O Carnaval do Rio de Janeiro não vive só de bloco e Sapucaí. Dos salões tradicionais do Baile do Municipal às noites lendárias do Scala Rio, a cidade sempre teve uma folia “de porta fechada” que atravessa gerações — e, em 2026, isso aparece com força renovada. Um levantamento do Visit Rio reuniu festas privadas que, segundo a entidade, estão ampliando a oferta da temporada e atraindo públicos diferentes.

Para o presidente-executivo do Visit Rio, Luiz Strauss, a diversificação é um movimento natural num ano em que o Rio volta a aparecer como destino disputado para o Carnaval, inclusive por estrangeiros. “Essas celebrações sempre existiram, é claro, mas vêm ganhando cada vez mais espaço no calendário carnavalesco. Festas que se inspiram na tradição dos bailes clássicos estão ganhando força e atraindo um novo público. Essa estratégia tem como objetivo diversificar as experiências durante o Carnaval”.

A lista do guia mistura festa temática, show grande, DJ e experiência “imersa”, em calendário que começa antes do miolo do Carnaval e vai além da Quarta-feira de Cinzas. A Balbúrdia abre a programação no dia 13 de fevereiro, com local ainda não divulgado. No dia 14, a Esbórnia entra com proposta descrita como experiência imersiva, combinando música e performances.

Entre 14 e 17 de fevereiro, a Cidade das Artes recebe mais uma edição da Carnarildy, com atrações como Anitta, Thiaguinho, Ludmilla e Ferrugem. No dia 15, aparecem dois estilos bem diferentes: a Arca de Noé, marcada por brinquedos espalhados pelo espaço e uma pegada mais lúdica, e o tradicional Baile do Momo.

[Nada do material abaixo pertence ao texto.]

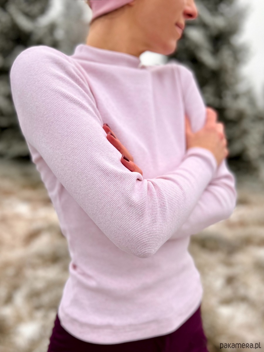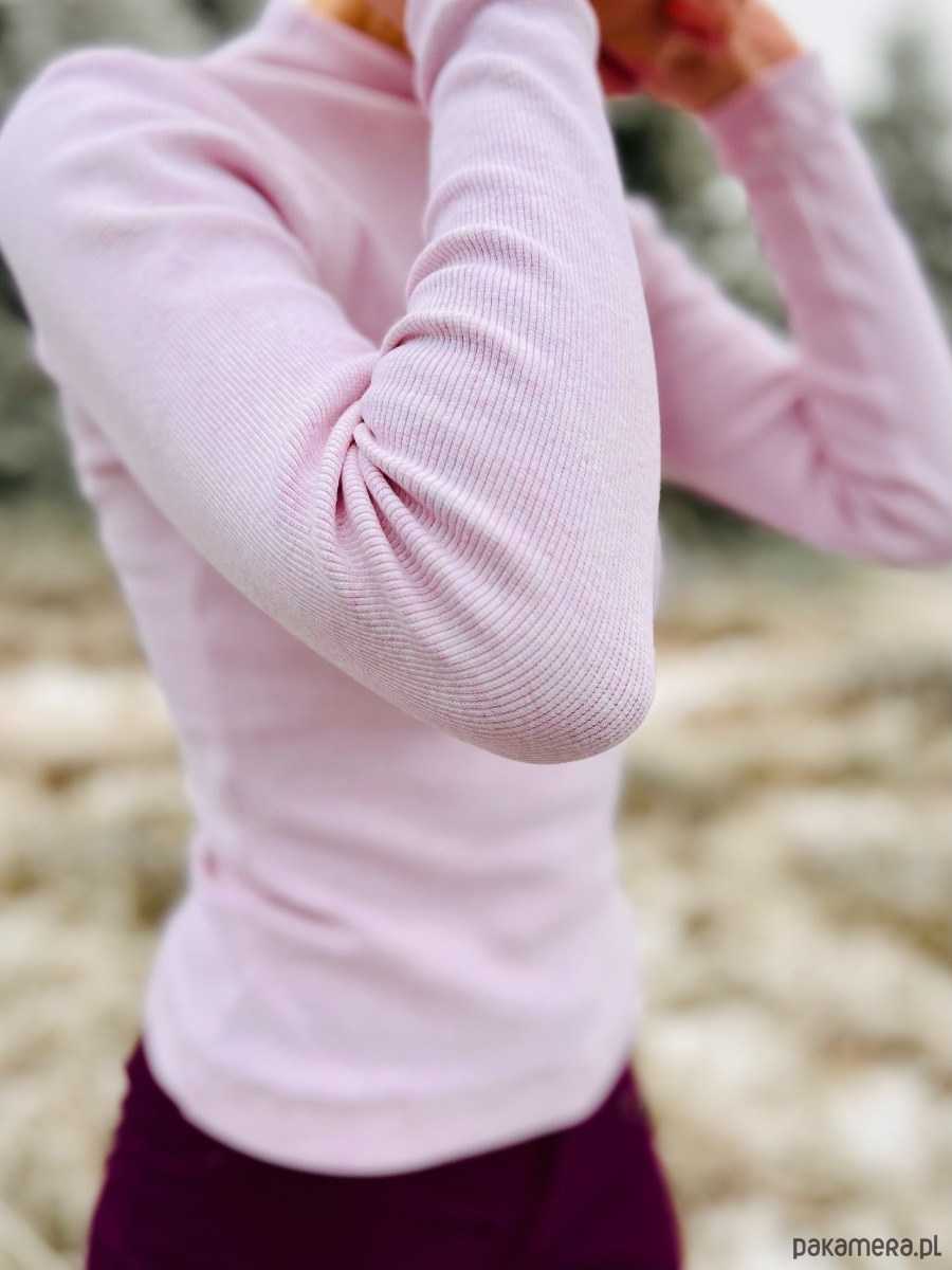 Longsleeve z prążka bawełnianego w pięknym i delikatnym odcieniu bladego melanżowego różu.

Na segunda-feira de Carnaval, a Majestique anuncia sua maior edição, voltada ao público de música eletrônica. Para quem estende a viagem, a festa Nostalgia acontece no dia 21 de fevereiro, na Sociedade Hípica Brasileira, com foco nos sucessos dos anos 2000. Já para quem chega antes, o pré-carnaval do Maguje, no dia 7 de fevereiro, aposta em gastronomia, música e experiências sensoriais, com nomes do samba como “O Time É Esse”, da cantora Carol Cardoso, e o grupo show da bateria de escolas de samba.

No meio dessa “safra” de novas festas, os bailes de hotel seguem como referências. O Baile do Copa terá edição dedicada à brasilidade no dia 14 de fevereiro. Já o Fairmont Rio faz seu baile clássico de máscaras em 20 de fevereiro.

Strauss diz que esse circuito também tem um papel de memória. “Essas festas resgatam a cultura dos antigos bailes e apresentam às novas gerações como se pulava Carnaval em outros tempos, reafirmando a vocação do Rio como um dos maiores palcos da folia no mundo”, comentou Luiz Strauss.